I remember the seminar he gave at MIT, where I was then a faculty member. I left that seminar with Salvador Luria and Salva was enthralled by Alex’s talk and particularly by the rare intelligence that come through in his presentation. Salva said to me, “it reminds me of the young Max.” This was the highest compliment Salva could give; that Alex reminded him of Max Delbruck, who, with Salva, had fathered molecular biology. Max, a physicist by training, was known for his insight, his vision and his deep commitment to logic. Salva and Max had both come to America to release their creative energies. We, of course, hired Alex.

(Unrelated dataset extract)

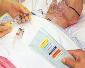 Syringe Labels – colour coded user applied labels designed to aid identification of drug type within a syringe. Clear text shows drug name with provision for dosage to be added. Supplied in rolls of 400 labels in a colour coded dispensing box.

I worried that Alex might find it difficult to adjust to the American scientific system but I needn’t have been concerned. Alex told me that he dreamed in Moscow that one day he might be a professor at MIT and adapted to the position in no time. He proved as effective in the United States as he had been in Moscow and he was a jewel in the crown of MIT’s biology department, then possibly the best in the world.

Alex had been concerned mainly with how genes are controlled and was a guru of the chromatin field. But experimental science takes one in unexpected and often wonderful directions. Soon Alex had discovered that a strangely conserved but previously enigmatic peptide, called ubiquitin, was being attached to proteins and signaling their degradation. And he showed that this degradation had profound regulatory significance. He was inventing a new field, the field of protein turnover.

Alex embodies the spirit of the Vilcek award. He didn’t just come to America, he sought out America for the values that it represents. He sat in Moscow and dreamed of what our country could offer. He actively hated the world around him and wanted the opportunity of the New World.

Alex is not only a scientist of great accomplishment. He is more, much more. He is a true intellectual. He brought with him to America the style of the Russians we read about in Chekov or Dostoyevsky. No event occurs but Alex has a personal perspective for viewing it. He reads widely, thinks deeply and lives the life of the mind with an intensity rarely seen. He is certainly not through surprising the world.